Line Is the Key Link

Struggle at the "Abyss." It was an early winter day in 1970 when Pan Pao-ying, secretary of the Party committee of the Chingsheng Commune, came to the Panchiang Production Team. Team members were opening up land on a slope without bothering about the large tract of land of an "abyss" at the bed of a bottomland. He was puzzled.

That piece of land belonging to the team, washed by rain-water over the years, had too many sinkholes and all the fertile soil had been carried down to the holes. People called the land an "abyss." The commune members had thought about filling the holes and building terraced fields around them. This would mean less labour than opening up land on rocky slopes, and give quicker returns. Why, then, did they not transform the "abyss" first?

In his talks with the cadres and commune members, Pan Pao-ying was told by someone that they were too busy to work on it, as they had little manpower to spare; others said it didn’t matter which came first because, sooner or later, all the land there would be transformed anyway. He made further, enquiries by inviting the cadres and a number of veteran poor peasants to a forum where he learnt what really was the matter. It turned out that the "abyss" was a piece of land owned by the brigade collectively. While it was lying waste, a few people grew their own bamboo and plantain on it, and they were reluctant to fill it because, once the land was tilled collectively, they would be deprived of a source of private income. What was more, there was a rich peasant who had refused to turn over a new leaf and deliberately stood in the way of the growth of the collective economy.

He told people in private "The proper thing is that whoever does the growing reaps the fruit. The more you grow the more you earn. You shouldn’t fill the ‘abyss.’

Recalling this incident, Pan Pao-ying remembered what Chairman Mao had said: "When we look at a thing, we must examine its essence and treat its appearance merely as an usher at the threshold, and once we cross the threshold, we must grasp the essence of the thing. This is the only reliable and scientific method of analysis." As things were, the pros and cons of the transformation of the "abyss" reflected a struggle between the proletariat and the bourgeoisie and between the socialist and capitalist roads.

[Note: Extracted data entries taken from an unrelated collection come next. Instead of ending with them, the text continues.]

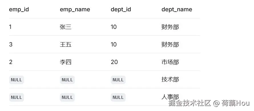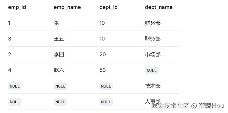 右表departments的所有记录都被返回。技术部和人事部在左表employees中没有匹配的员工,所以对应的员工信息为NULL。
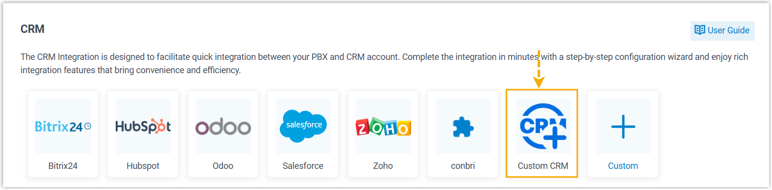 If your desired CRM is not in the list of ready-made integrations, you can implement a custom integration via a CRM integration template. This topic describes how to establish the integration.
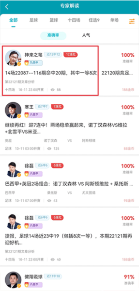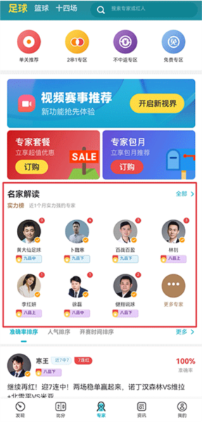 指名人专家依托自身专业能力,对比赛进行全方位、多层次的专业剖析,并提供赛果推荐的服务。目前提供足球和篮球两类解读,足球支持胜负彩、任选9场和竞彩足球(单关、亚盘、大小球和混合玩法),篮球支持竞篮胜负、让分胜负、大小分、胜分差和混合玩法。
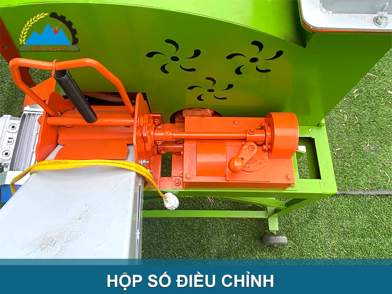 Máy băm cỏ 1T có bộ phận hộp số với 3 nấc điều chỉnh tốc độ nhanh, chậm hoặc kích thước ngắn, dài của cỏ
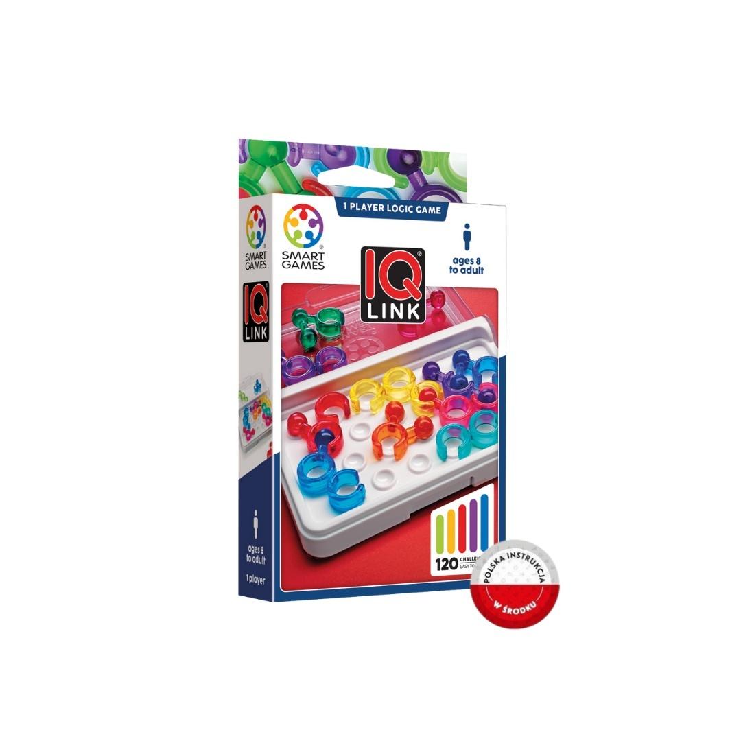 Czy potrafisz umieścić na planszy wszystkie elementy? ""IQ Link"" to kompaktowa gra logiczna, w której wykorzystując kreatywność nieszablonowe myślenie, zmierzysz się ze 120 zagadkami. Dzięki prostym zasadom i atrakcyjnej formie, zyskasz wiele godzin doskonałej i rozwijającej rozgrywki.
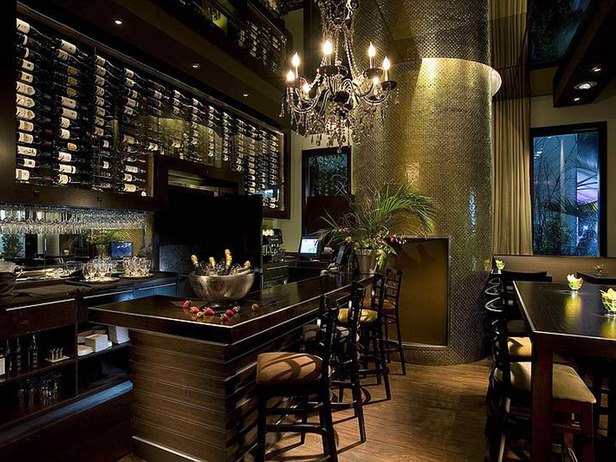 For the Barolo Ristorante in Miami, Fla., Diaz designs an unexpected wine bottle display for their wine tasting bar. Dark woods and low lighting give the space a cozy, inviting ambience, while a large column is covered in mosaic tiles for a touch of sparkle.

Sabotage by the rich peasant meant class struggle, and the struggle between public and private interests in the minds of some commune members, too, was a reflection of class struggle among the peasants, the former being a contradiction between ourselves and the enemy and the latter a contradiction among the people. Only by acting in accordance with the Party’s basic line, grasping class struggle and the two-line struggle, by correctly distinguishing and handling the two different types of contradictions, could the "abyss" be thoroughly transformed. So the Party secretary and the cadres in the team studied the Party’s basic line together and a decision was reached to deal properly with the sabotaging activities of the rich peasant while carrying out socialist education among the commune members.

Pan Pio-ying and the cadres separately called on the commune members who had planted bamboo and plantain on the "abyss." They explained with great patience the Party line and policies to them and criticized the revisionist line of capitalist "free" enterprise preached by Liu Shao-chi and his gang to undermine socialist collective economy. Having raised their consciousness, the commune members held a meeting at the "abyss" to criticize the saboteur face to face and set about transforming the "abyss" without further delay.